Hello, I want to reopen this issue, since I am facing same error in our production environment and I am not able to solve this and want to ask for help.
Here is the error message I received:
Error while reading file dbfs:/mnt/dynamics/model.json.
Caused by: FileReadException: Error while reading file dbfs:/mnt/dynamics/model.json.
Caused by: InconsistentReadException: The file might have been updated during query execution. Ensure that no pipeline updates existing files during query execution and try again.
Caused by: IOException: Operation failed: "The condition specified using HTTP conditional header(s) is not met.", 412, GET, https://dynamics.dfs.core.windows.net/dataverse/model.json?timeout=90, ConditionNotMet, "The condition specified using HTTP conditional header(s) is not met. RequestId:78fa238b-501f-............ Time:2024-06-06T21:05:33.5168118Z"
Caused by: AbfsRestOperationException: Operation failed: "The condition specified using HTTP conditional header(s) is not met.", 412, GET, https://dynamics.dfs.core.windows.net/dataverse/model.json?timeout=90, ConditionNotMet, "The condition specified using HTTP conditional header(s) is not met. RequestId:78fa238b-............ Time:2024-06-06T21:05:33.5168118Z"
So apparently in the processing of a table, the model.json changes - it changed real-time by the source, so this is expected.
What I want is to just ignore that is changed and dont throw error.

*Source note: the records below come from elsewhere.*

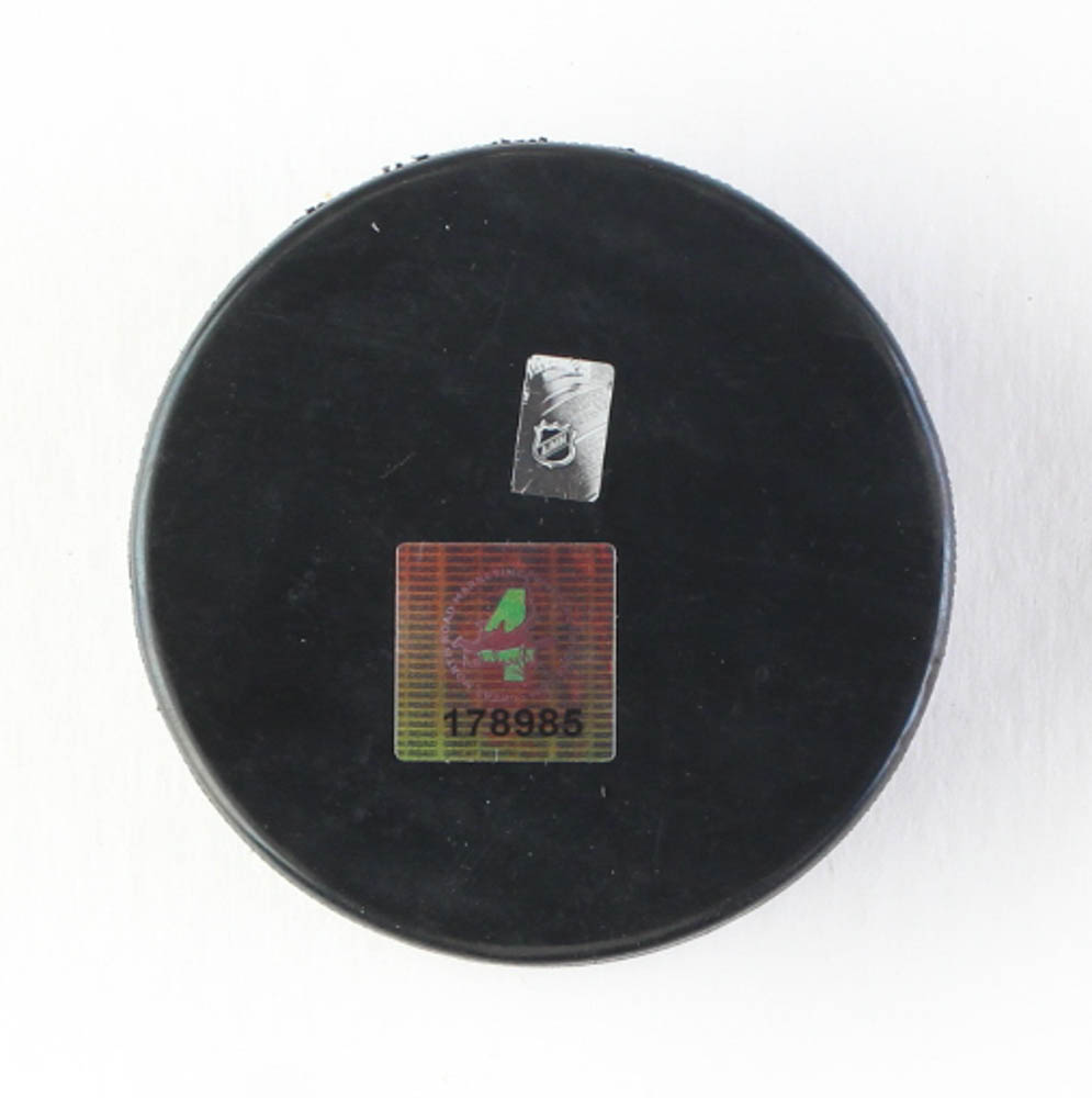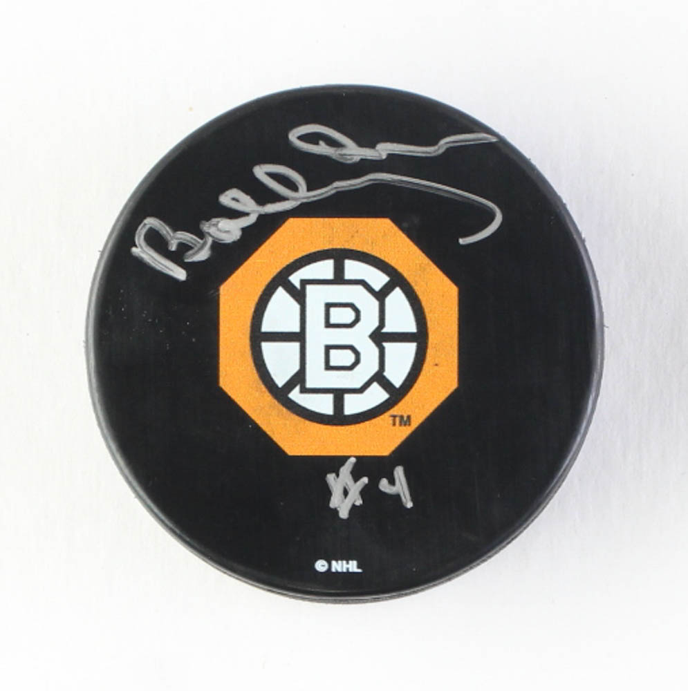 Boston Bruins official NHL logo hockey puck is hand-signed by Bobby Orr (HOF).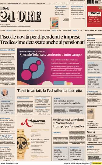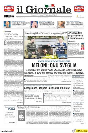 - Apertura con titolo "Meloni: Onu sveglia". La premier alle Nazioni Unite: "Non potete tollerare la nuova schiavitù". E sulla sua assenza alla cena con Biden: "Lavoravo"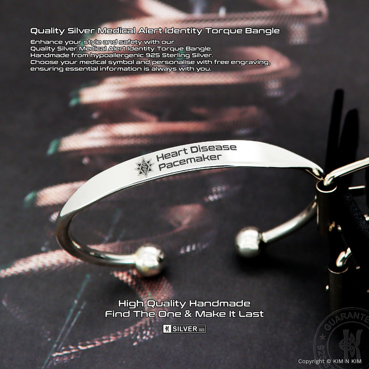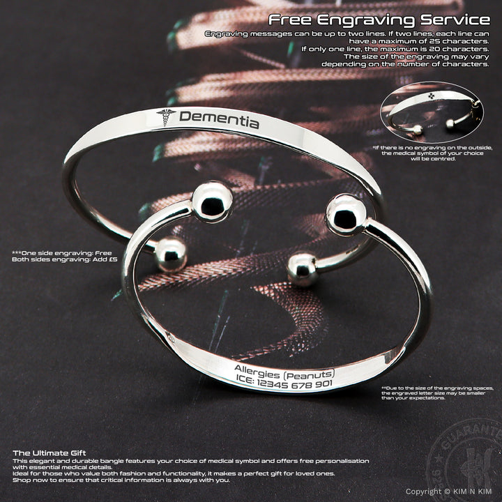šEnhance your style and safety with our Hypoallergenic Medical Alert Bangle, handmade from solid 925 Sterling Silver. This elegant and durable bangle features your choice of medical symbol and offers free personalisation with critical medical details. Ideal for those who value both fashion and functionality, itās a perfect gift for loved ones. Shop now and ensure essential information is always with you.š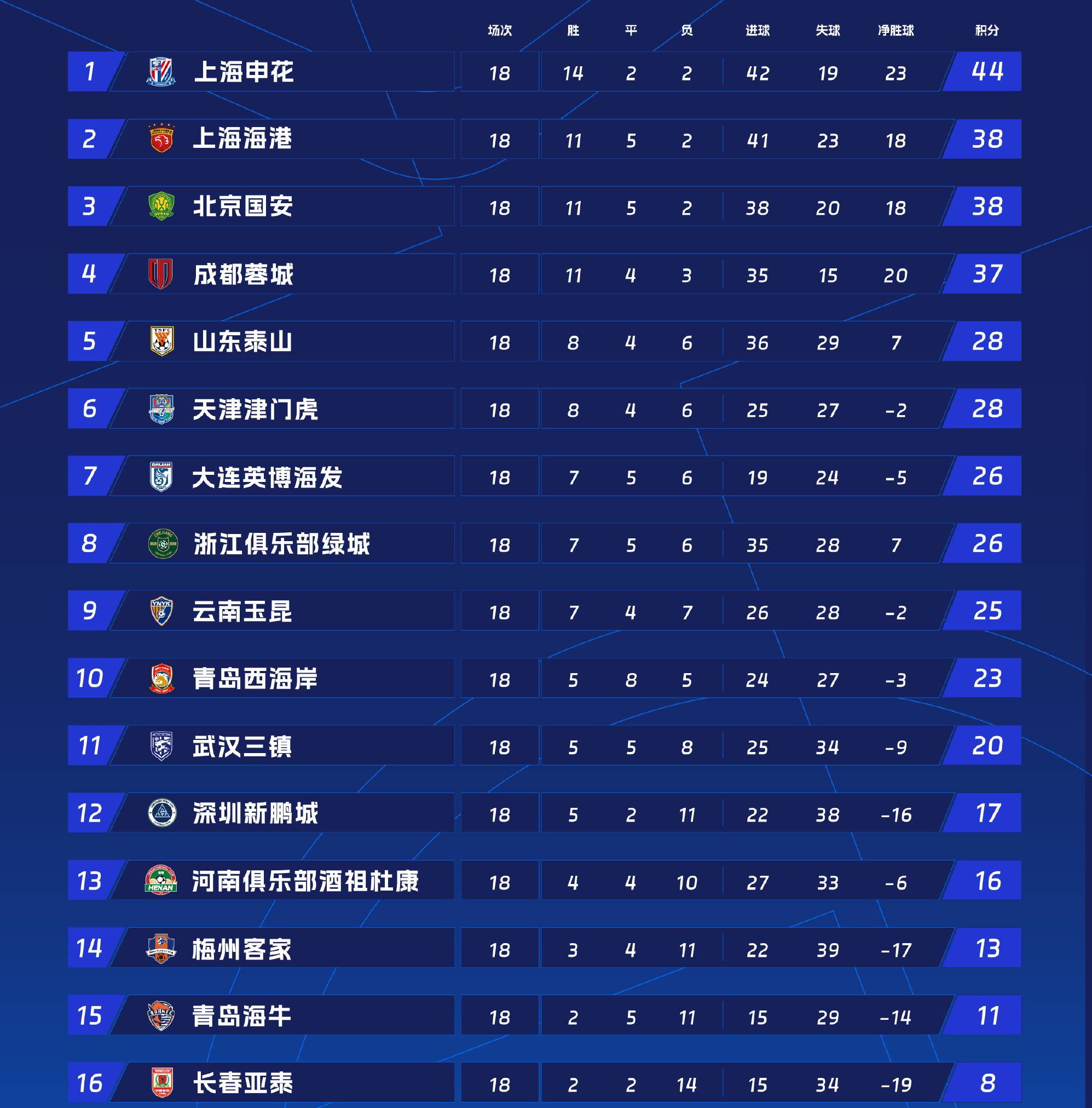 中超最新积分榜:申花甩开上海海港+国安+成都蓉城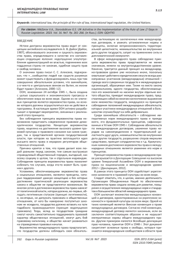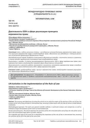 Цель и задачи написания статьи - исследование истоков доктрины верховенства права, сущности принципа верховенства права в международном праве, обеспечение его соблюдения с помощью различных институтов Организации Объединенных Наций. Методологический подход. В работе используются общенаучные методы, в частности анализа и сравнения, а также методы юридического толкования норм международного права. Результаты и выводы. В статье рассматривается деятельность ООН в сфере верховенства права, роль верховенства права в международно-правовой сфере общественных отношений. Оригинальность и ценность работы заключается в выявлении значимости верховенства права в международном праве, оценке деятельности ООН в сфере верховенства права.
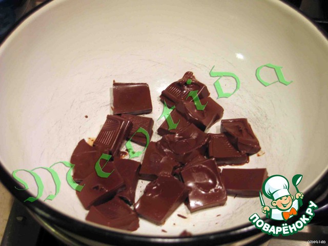 Шоколад положить в огнеупорную миску, поставить на кастрюлю с кипящей водой, чтобы миска не касалась воды и растопить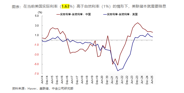 首先,美联储本身存在降息的内在需求。数据显示,当前美国1.63%的实际利率显著高于约1%的自然利率,这意味着货币政策对经济构成了限制。同时,经济增长和就业市场已出现“温和走弱”的迹象。尽管美国第二季度GDP环比年化增速达到3%,好于预期,但若剔除关税导致的进出口和库存波动,过去两个季度的平均增速仅为1.5%左右,显示底层增长动能确实在放缓。

Just let it take model.json as is in the time of processing.
I tried to cache dataframe as last suggested, but it doesnt work and still throws same error.
This is what I added:
import org.apache.spark.storage.StorageLevel
val abcd = spark.read.json(somePath/model.json")
abcd.persist(StorageLevel.DISK_ONLY)
Please suggest how to deal with this error.
Thank you.